И откуда-то из своих, пока еще не зацепленных чужой волей глубин он слышит далекое, растаивающее в детстве:
– Тая…
Рванулся, схватил ее за руки, рухнул головой на плечо. Он долго сюда добирался, на этот судьбоносный перрон, хотя думал, что идет коротким путем. Он стал за это время старым. И кого же он теперь обнимает?

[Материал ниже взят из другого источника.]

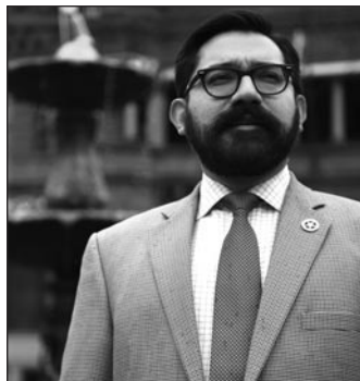
By Joshua Luke Sandoval Assistant Criminal District Attorney in Bexar County

Let's state the obvious: We cannot view the juvenile justice system as a mini version of the adult criminal system. Although there are plenty of shared aspects 1 between them, they are two distinct systems.

Своего наихудшего врага.
– Таечка, – шепчет он, – я ведь чуть тебя не убил…
– Ты еще можешь это сделать, – она смотрит на него в упор, и в сердце Димы что-то безудержно тает, растекается весенними слезами… что-то вопреки всему любит, – сделать по-братски!
– По-братски… – повторяет он как эхо, – Лучше расскажи что-нибудь…
– Мертвые еще больше влияют на жизнь, чем живые. Понавезли народ на гулаговские просторы, разместили, миллионов сорок-пятьдесят, дали паек на полгода, больше ведь и не надо: полгода, и ты отъехал. Никто тебе не завидует, и некому тебя по-настоящему ненавидеть: так, стираемое жизнью пятно. Но вот вся эта трудармия наконец-то на небе и каждый пялится, кто как может, вниз, на недоделанное и перестроенное, чтоб себе же и возместить нанесенный жизнью убыток: мыслительную, скажем так, недодачу. Когда жил, думать было некогда, зато теперь мысль становится самой жизнью. Представь себе: пятидесятимиллионная мыслительная армия! Теперь-то их не купишь куском хлеба и страхом, не выпотрошишь предательством, их смерть уже состоялась. А снова им рождаться еще нескоро, да и кости лежат в вечной мерзлоте, когда-то еще рассыпятся… Те, что успели еще на гулаге придраться к самим себе и с собою же выяснить, стоит ли жизнь правды, те теперь наваливаются на ворота, за которые просто так никого не пускают: там, за пределами лжи, там ищут они себя. Но большинство все-таки, хоть и прошли через гулаг, имели при жизни виды на славу и честь, дразня себя коркой хлеба, и теперь они рушат все, что могут, искренне ненавидя покинутую землю и изводя себя невозможностью отвязаться от шкурного интереса. Ах, мертвецы, мертвецы, вдохновители функиса и прививок от свиного гриппа, кормильцы структурализма, интернационализма и футбола, содержатели политических притонов, бодибилдинга и корпоративного бильденбергского борделя! Мертвецы правят миром: одни нагнетают смерть, другие взывают к жизни. Мертвому ведь ничего не стоит заглянуть в любую живую душу. И если сегодня ты хочешь, чтобы я прекратила мою работу, и потому убиваешь меня, ты только делаешь меня сильнее!
– Но я ведь шел убивать не сестру…
– Но что если и сестру? В чем состоит наше с тобой родство?
– К Христу Иисусу явилась как-то вся его родня, – вспоминает Дима рассказ Доктора, – и ну стучать в дверь, а Он им не открыл, сказал только: «Таких не знаю»… Родство по крови? Но мы же с тобой, Таечка, одной крови!
Она молча отворачивается.
По перрону неспеша бредет дворняга, ей надо тоже куда-то ехать, а может, просто поспать под скамейкой, прокатившись с людьми на эскалаторе. Бредет прямо к Диме, лохматая и грязная, нюхает его новые кроссовки. Собаке это можно: подойти к человеку запросто. Может, эта мусорная тварь считает Диму другом?.. братом? Говорят же: братья наши меньшие. А кроссовки только что из магазина, чего их нюхать? И тут Диму берет вдруг такая злоба: эта бездомная тварь живет, незаконно приспосабливаясь к повседневной бессмысленности! Дал ей с размаху пинка. И собачонка с визгом летит прямо на рельсы. Ну и черт с ней.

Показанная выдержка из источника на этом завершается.